For ease of reference, the complete set of rules in English is found
at the end of this handout. As before, we have used some formatting
conventions to help make their structure clear. Consider rule 12, for
instance:

12] if Investment Goal = RETIREMENT and
Number Of Years To Retirement < 10
then Category Of Fund = CONSERVATIVE GROWTH .8

Each rule is expressed in terms of an if part (the premise) and a then
part (the conclusion). In rule 12 there are two clauses in the premise
and (as in all of our rules) one in the conclusion.

Each clause in a rule is expressed in terms of an attribute, object,
and its value. As a formatting convention, attributes are written as
phrases with their first letters capitalized (e.g., Investment Goal,
Number Of Years To Retirement, Category Of Fund); values are written
in all capitals (RETIREMENT, 10, CONSERVATIVE GROWTH). The first
clause thus asks whether the attribute Invest Goal has the value
RETIREMENT, or, in smoother English, "the goal for this investment is
to fund your retirement." For ease of reading the object is often
left implicit, e.g., in this case investment goal of user is
retirement.

Putting the whole rule in somewhat better English, it says:
if the goal for this investment is to fund your retirement, and
the number of years until you retire is less than 10,
then the category of fund to select is the conservative growth funds.

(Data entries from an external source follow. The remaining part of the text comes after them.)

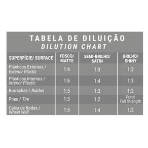 exemplo: quando colocamos diluição 1:2, significa dizer que é 1 parte de produto para 1 parte de água, totalizando 2 partes. Observação: diluir o produto com água limpa. Guardar a solução diluída por no máximo até 10 dias. Agitar bem a solução diluída antes do uso. Modo de uso: 1. Limpar bem a superfície. 2. Diluir o produto conforme a tabela indicativa. 3. Colocar a solução em um pulverizador. 4. Pulverizar na superfície e realizar acabamento com aplicador de espuma ou toalha de microfibra. Obs: diluir o produto com água limpa. Guardar a solução diluída por no máximo até 10 dias. Agitar bem a solução diluída antes do uso.
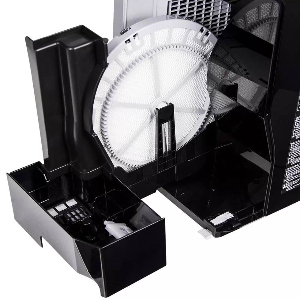 Устройство оснащено электронным управлением и имеет 4 режима работы, что позволяет настроить интенсивность испарения в зависимости от потребностей пользователя. Также имеется функция регулировки направления воздушного потока, что позволяет равномерно распределить очищенный воздух по помещению.
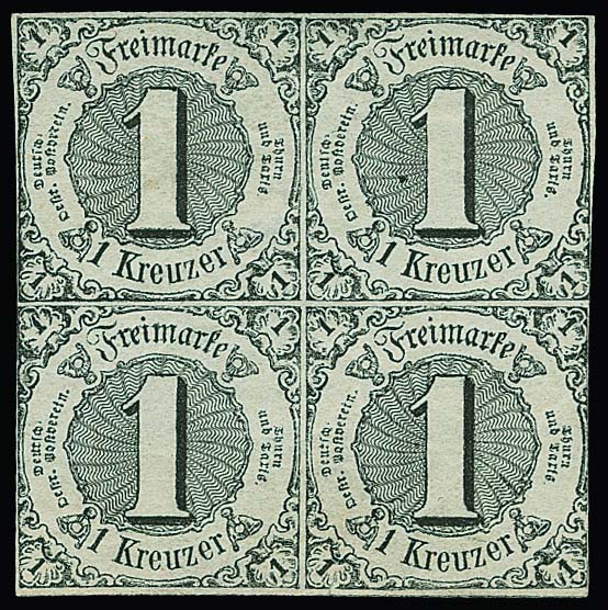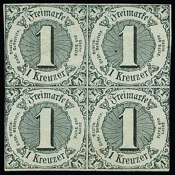 1 Kr. schw./graugrün, seltener ungebrauchter Viererblock mit Originalgummi, oberes Paar etwas dünn und rechte untere Marke kleiner Randspalt. Fotoexp. Sem "optisch ansprechende Einheit"

In Joshua the rule looks somewhat different; we'll come to that below.
Note in particular that the rule numbers in the handout at the end are
for convenience. Joshua names rules rather than numbers them.

II. Getting Started
You will be using the Allegro Common Lisp interpreter on Athena and
the Joshua knowledge base found on the course web page. We'll start by
familiarizing you with Allegro Common Lisp on Athena and Joshua.
(While it is possible to install all this on a Windows PC, we strongly
recommend against doing that. You can work from a Windows PC by
ssh'ing to athena-x.dialup.mit.edu (via SecureCRT, make sure you
configure the connection to Forward X11 packets,), while running
XWin-32. Both SecureCRT and XWin-32 are available for installation
from http://web.mit.edu/software/win.html)
1. Log onto an Athena machine (athena-x.dialup.mit.edu works if you're
not in an Athena cluster).

2. athena% add acl_v6.2-alisp 6.871
This will attach the Allegro Common Lisp locker for the version we
will be using, and the course locker.

3. Download from the course web page the knowledge base file
invest-josh-kb.custom.lisp.
Put this in your local directory. This will make you a local copy of
the example knowledge base.

4. athena% chmod 700 ~/invest-josh-kb.custom.lisp
This will just make sure that the file is readable.

5. athena% joshua8 &
Depending on server load, this may take awhile. An XEmacs will start
and it will start up a lisp inferior with all the Joshua code in it.
Eventually, you'll see a CL-USER(1): prompt in the XEmacs window (the
one with the *common-lisp* label).

6. CL-USER(1): (clim-env:start-clim-environment)
A small window called Navigator will pop up.
7. In the Navigator window, select Lisp Listener from the Tools menu.
A Lisp Listener window will be raised, and you will see a ⇒ prompt.
(Yes, windows all over the place.)

8. ⇒:joshua syntax yes
This command is necessary to enable the square bracket predication
syntax. If you ever in the future forget to do this before compiling
your project code, you will get an error message concerning a comma
not being inside a backquote.

9. ⇒:edit file ~/invest-josh-kb.custom.lisp
This will open the code in a buffer in your XEmacs window.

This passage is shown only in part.